** Records to use follows **
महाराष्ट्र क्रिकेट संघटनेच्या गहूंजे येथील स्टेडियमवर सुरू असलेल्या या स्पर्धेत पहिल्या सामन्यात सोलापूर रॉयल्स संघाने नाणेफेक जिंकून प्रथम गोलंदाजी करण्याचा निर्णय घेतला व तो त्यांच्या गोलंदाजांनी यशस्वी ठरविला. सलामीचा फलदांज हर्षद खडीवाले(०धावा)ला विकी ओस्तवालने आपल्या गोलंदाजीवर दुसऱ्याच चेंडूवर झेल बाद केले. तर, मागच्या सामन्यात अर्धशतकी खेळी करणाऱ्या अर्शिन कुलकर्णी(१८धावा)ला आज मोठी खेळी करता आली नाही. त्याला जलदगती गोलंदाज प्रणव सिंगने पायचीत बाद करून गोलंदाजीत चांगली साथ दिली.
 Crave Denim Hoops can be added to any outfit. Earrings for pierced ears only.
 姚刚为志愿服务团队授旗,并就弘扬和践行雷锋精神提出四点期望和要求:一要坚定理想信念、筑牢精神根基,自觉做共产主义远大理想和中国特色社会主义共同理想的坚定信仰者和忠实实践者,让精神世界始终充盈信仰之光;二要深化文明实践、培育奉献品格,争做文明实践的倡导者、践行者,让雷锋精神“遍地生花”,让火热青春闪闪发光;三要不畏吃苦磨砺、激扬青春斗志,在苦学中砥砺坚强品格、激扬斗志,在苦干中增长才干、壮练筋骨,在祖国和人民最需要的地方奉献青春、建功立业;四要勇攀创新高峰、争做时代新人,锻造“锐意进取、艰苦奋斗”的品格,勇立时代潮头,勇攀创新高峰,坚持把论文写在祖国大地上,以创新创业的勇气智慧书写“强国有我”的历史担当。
** End of Records to use **
** Records to use follows **
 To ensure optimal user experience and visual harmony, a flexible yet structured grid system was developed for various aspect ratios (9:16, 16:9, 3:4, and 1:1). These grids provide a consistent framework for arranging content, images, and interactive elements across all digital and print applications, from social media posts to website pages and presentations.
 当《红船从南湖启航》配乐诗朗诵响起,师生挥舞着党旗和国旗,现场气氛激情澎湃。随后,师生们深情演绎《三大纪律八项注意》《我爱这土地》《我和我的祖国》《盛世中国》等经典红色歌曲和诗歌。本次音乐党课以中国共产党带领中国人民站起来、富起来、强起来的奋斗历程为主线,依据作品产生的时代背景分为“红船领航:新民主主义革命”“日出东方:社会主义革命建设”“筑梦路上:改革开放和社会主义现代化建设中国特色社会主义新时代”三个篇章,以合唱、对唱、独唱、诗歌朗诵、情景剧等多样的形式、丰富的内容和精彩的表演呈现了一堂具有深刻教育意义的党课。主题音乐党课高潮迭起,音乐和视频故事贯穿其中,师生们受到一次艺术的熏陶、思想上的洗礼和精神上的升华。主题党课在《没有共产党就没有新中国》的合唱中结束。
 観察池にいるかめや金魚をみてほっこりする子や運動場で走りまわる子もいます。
** End of Records to use **
▶ [Aim of the exercise]: Using the entries above, give back exactly the line containing "महाराष्ट्र क्रिकेट संघटनेच्या", the line containing "姚刚为志愿服务团队授旗,并就", and every line between them, and nothing else.

▶ [Task result]:
महाराष्ट्र क्रिकेट संघटनेच्या गहूंजे येथील स्टेडियमवर सुरू असलेल्या या स्पर्धेत पहिल्या सामन्यात सोलापूर रॉयल्स संघाने नाणेफेक जिंकून प्रथम गोलंदाजी करण्याचा निर्णय घेतला व तो त्यांच्या गोलंदाजांनी यशस्वी ठरविला. सलामीचा फलदांज हर्षद खडीवाले(०धावा)ला विकी ओस्तवालने आपल्या गोलंदाजीवर दुसऱ्याच चेंडूवर झेल बाद केले. तर, मागच्या सामन्यात अर्धशतकी खेळी करणाऱ्या अर्शिन कुलकर्णी(१८धावा)ला आज मोठी खेळी करता आली नाही. त्याला जलदगती गोलंदाज प्रणव सिंगने पायचीत बाद करून गोलंदाजीत चांगली साथ दिली.
 Crave Denim Hoops can be added to any outfit. Earrings for pierced ears only.
 姚刚为志愿服务团队授旗,并就弘扬和践行雷锋精神提出四点期望和要求:一要坚定理想信念、筑牢精神根基,自觉做共产主义远大理想和中国特色社会主义共同理想的坚定信仰者和忠实实践者,让精神世界始终充盈信仰之光;二要深化文明实践、培育奉献品格,争做文明实践的倡导者、践行者,让雷锋精神“遍地生花”,让火热青春闪闪发光;三要不畏吃苦磨砺、激扬青春斗志,在苦学中砥砺坚强品格、激扬斗志,在苦干中增长才干、壮练筋骨,在祖国和人民最需要的地方奉献青春、建功立业;四要勇攀创新高峰、争做时代新人,锻造“锐意进取、艰苦奋斗”的品格,勇立时代潮头,勇攀创新高峰,坚持把论文写在祖国大地上,以创新创业的勇气智慧书写“强国有我”的历史担当。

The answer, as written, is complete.